→ **SOURCE MATERIAL**
◇ ◇ ◇ ◇

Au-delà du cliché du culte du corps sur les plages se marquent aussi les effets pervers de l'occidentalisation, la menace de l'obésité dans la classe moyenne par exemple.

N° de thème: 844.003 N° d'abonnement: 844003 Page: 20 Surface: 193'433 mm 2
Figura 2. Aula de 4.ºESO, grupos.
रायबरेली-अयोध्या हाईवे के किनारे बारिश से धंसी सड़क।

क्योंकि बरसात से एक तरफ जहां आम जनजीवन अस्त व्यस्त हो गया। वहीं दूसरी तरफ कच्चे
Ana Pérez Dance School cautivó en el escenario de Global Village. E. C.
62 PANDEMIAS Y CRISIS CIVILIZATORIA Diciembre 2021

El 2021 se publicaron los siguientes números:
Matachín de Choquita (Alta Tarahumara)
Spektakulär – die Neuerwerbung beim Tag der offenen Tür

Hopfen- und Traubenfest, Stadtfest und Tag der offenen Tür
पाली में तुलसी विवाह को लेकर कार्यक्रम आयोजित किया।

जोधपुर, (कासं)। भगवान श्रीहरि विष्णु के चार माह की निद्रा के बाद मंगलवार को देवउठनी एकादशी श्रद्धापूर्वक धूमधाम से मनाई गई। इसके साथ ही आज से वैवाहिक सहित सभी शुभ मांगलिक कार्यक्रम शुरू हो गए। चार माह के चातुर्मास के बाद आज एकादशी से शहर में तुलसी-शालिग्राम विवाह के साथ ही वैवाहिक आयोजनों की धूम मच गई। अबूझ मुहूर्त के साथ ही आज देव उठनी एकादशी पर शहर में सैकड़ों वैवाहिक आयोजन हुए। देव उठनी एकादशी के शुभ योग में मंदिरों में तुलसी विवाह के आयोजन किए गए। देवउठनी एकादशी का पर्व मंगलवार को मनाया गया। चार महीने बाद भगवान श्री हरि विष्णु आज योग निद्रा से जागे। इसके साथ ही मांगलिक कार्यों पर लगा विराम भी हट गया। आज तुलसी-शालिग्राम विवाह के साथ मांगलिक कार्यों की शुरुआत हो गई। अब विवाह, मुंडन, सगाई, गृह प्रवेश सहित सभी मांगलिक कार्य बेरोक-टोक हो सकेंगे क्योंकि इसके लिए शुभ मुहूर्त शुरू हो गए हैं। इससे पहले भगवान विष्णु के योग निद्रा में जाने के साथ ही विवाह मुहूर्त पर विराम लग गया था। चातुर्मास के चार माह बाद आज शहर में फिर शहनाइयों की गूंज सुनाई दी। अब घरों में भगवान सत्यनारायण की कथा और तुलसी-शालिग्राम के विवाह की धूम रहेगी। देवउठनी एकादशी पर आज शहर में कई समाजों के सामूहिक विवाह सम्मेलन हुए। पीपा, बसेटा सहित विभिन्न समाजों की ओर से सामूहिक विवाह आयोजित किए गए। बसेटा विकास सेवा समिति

◇ ◇ ◇ ◇

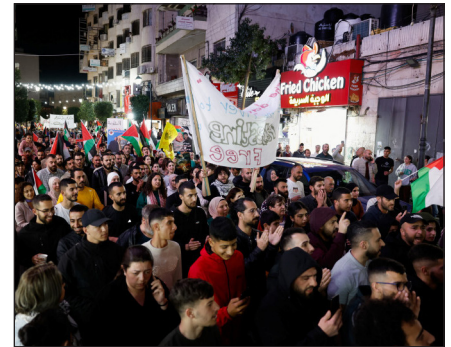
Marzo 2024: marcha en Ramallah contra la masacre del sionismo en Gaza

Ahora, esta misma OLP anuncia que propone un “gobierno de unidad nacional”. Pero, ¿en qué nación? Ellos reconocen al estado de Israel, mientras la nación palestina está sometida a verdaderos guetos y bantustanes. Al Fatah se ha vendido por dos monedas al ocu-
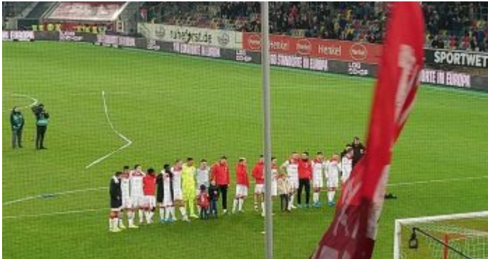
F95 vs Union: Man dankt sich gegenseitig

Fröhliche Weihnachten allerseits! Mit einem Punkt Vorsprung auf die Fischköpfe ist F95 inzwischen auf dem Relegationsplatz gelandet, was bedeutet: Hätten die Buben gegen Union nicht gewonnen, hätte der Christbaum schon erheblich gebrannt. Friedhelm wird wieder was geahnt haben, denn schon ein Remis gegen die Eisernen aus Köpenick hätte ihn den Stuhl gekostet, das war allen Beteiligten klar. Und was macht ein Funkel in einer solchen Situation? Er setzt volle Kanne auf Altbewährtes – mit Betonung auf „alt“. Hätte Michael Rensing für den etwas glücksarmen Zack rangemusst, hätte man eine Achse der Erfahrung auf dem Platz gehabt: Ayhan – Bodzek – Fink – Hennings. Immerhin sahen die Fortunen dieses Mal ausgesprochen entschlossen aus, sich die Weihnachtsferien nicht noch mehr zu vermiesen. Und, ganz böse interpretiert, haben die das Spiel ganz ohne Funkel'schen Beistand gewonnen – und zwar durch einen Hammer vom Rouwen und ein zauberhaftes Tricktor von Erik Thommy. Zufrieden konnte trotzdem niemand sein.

◇ ◇ ◇ ◇

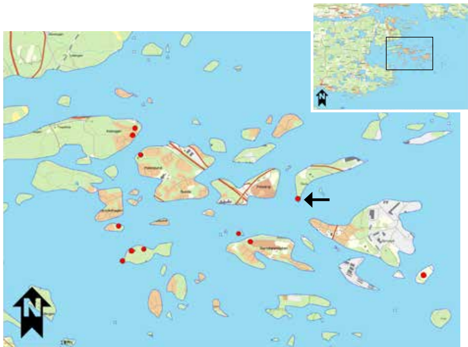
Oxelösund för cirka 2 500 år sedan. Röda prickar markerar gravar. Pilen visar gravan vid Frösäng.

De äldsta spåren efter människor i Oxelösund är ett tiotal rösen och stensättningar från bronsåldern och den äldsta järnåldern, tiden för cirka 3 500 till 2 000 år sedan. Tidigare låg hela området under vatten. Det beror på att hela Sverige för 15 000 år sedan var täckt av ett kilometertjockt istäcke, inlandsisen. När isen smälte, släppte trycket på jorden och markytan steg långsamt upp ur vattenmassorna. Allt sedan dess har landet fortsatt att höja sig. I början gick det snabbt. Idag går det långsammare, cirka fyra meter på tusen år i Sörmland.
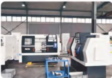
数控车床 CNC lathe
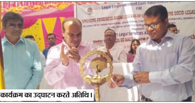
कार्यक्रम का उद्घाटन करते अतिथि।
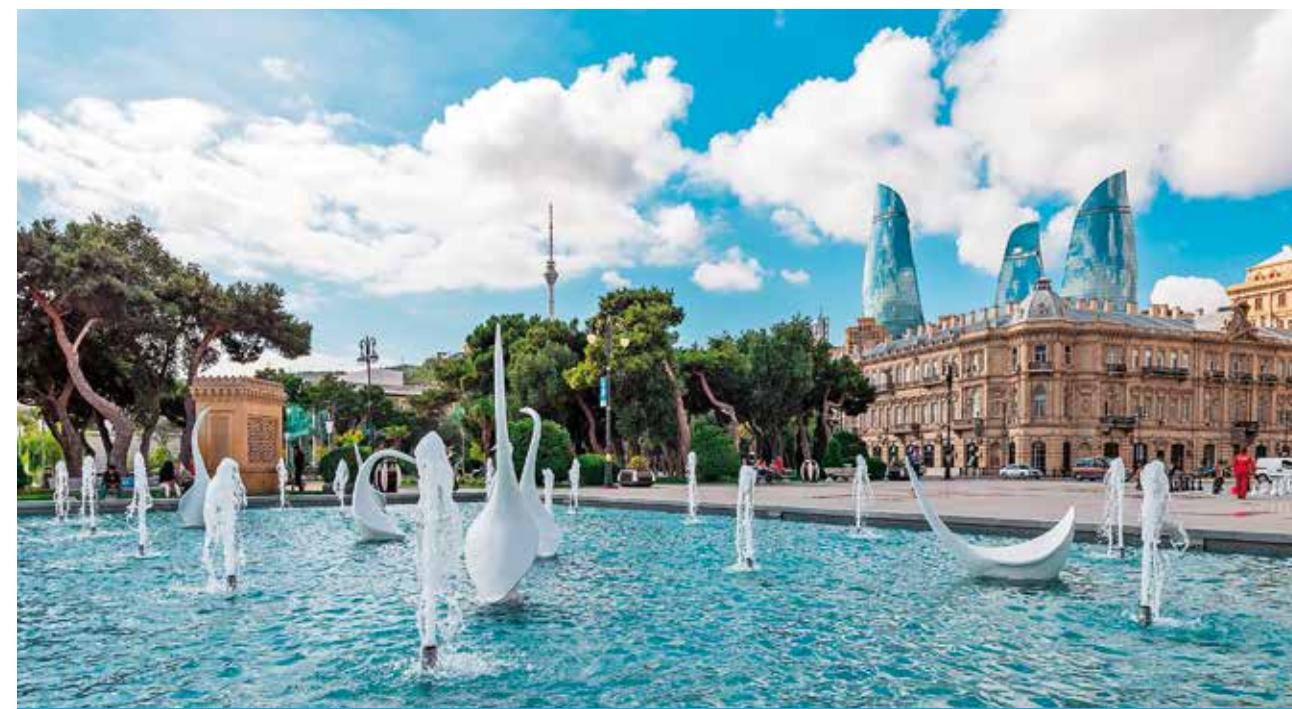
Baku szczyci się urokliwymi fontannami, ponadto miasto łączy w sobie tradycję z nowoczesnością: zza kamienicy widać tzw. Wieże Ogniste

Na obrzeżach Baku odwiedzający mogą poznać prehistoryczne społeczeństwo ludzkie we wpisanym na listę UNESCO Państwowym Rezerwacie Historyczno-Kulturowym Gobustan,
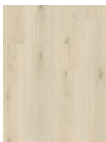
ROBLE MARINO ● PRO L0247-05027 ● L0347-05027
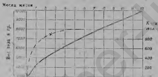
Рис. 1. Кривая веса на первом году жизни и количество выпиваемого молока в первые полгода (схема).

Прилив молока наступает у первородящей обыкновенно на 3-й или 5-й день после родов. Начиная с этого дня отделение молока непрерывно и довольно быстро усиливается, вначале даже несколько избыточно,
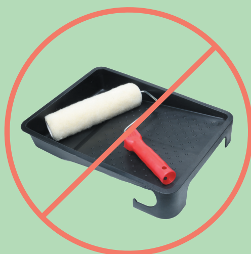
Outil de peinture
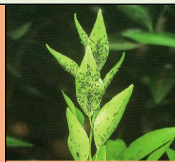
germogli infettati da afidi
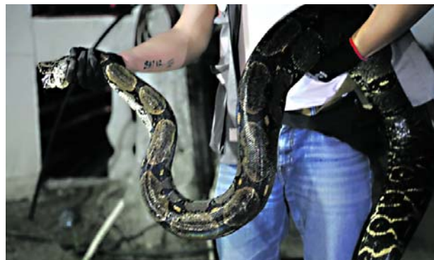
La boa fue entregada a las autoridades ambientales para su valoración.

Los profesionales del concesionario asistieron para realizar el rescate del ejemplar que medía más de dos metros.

◇ ◇ ◇ ◇

→ **REQUIRED WORK**
What you give back must be the stretch above, starting at the line with "El 2021 se publicaron" and ending at the line with "पाली में तुलसी", copied exactly.

→ **SOLUTION TO THIS EXERCISE**
El 2021 se publicaron los siguientes números:
Matachín de Choquita (Alta Tarahumara)
Spektakulär – die Neuerwerbung beim Tag der offenen Tür

Hopfen- und Traubenfest, Stadtfest und Tag der offenen Tür
पाली में तुलसी विवाह को लेकर कार्यक्रम आयोजित किया।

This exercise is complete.